ACTION ITEM
Find the line with "今回の説明では、facebo" and the line with "Şekil 2. Rapor" in the entries below; output exactly those two lines, every line between them, and no others.

RECORD SET
BEGIN
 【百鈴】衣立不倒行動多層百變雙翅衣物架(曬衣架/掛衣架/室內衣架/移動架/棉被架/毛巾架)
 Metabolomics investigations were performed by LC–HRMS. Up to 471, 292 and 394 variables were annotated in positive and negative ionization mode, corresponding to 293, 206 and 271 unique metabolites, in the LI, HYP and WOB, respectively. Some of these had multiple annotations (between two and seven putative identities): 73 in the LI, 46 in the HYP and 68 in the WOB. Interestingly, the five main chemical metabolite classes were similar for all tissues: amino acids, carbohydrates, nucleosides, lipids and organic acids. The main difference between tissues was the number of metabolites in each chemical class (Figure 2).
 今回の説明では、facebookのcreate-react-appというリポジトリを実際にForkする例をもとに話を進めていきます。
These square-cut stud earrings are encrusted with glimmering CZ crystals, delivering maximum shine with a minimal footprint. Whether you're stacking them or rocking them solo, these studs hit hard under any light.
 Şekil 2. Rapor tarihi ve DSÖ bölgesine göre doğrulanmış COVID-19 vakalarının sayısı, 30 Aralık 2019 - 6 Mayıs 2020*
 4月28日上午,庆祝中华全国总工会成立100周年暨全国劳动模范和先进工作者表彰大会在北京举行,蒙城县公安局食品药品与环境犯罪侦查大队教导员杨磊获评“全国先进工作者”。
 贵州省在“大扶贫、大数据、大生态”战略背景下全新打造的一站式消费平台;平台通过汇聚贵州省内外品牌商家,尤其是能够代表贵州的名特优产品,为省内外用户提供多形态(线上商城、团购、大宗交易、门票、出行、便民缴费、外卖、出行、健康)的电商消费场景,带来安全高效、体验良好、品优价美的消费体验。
END
BEGIN
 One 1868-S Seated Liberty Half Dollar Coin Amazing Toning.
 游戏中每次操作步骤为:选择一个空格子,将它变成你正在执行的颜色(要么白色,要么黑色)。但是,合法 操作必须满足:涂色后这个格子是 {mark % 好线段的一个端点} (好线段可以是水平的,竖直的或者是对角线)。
END
ANSWER TO THE PROBLEM
 今回の説明では、facebookのcreate-react-appというリポジトリを実際にForkする例をもとに話を進めていきます。
These square-cut stud earrings are encrusted with glimmering CZ crystals, delivering maximum shine with a minimal footprint. Whether you're stacking them or rocking them solo, these studs hit hard under any light.
 Şekil 2. Rapor tarihi ve DSÖ bölgesine göre doğrulanmış COVID-19 vakalarının sayısı, 30 Aralık 2019 - 6 Mayıs 2020*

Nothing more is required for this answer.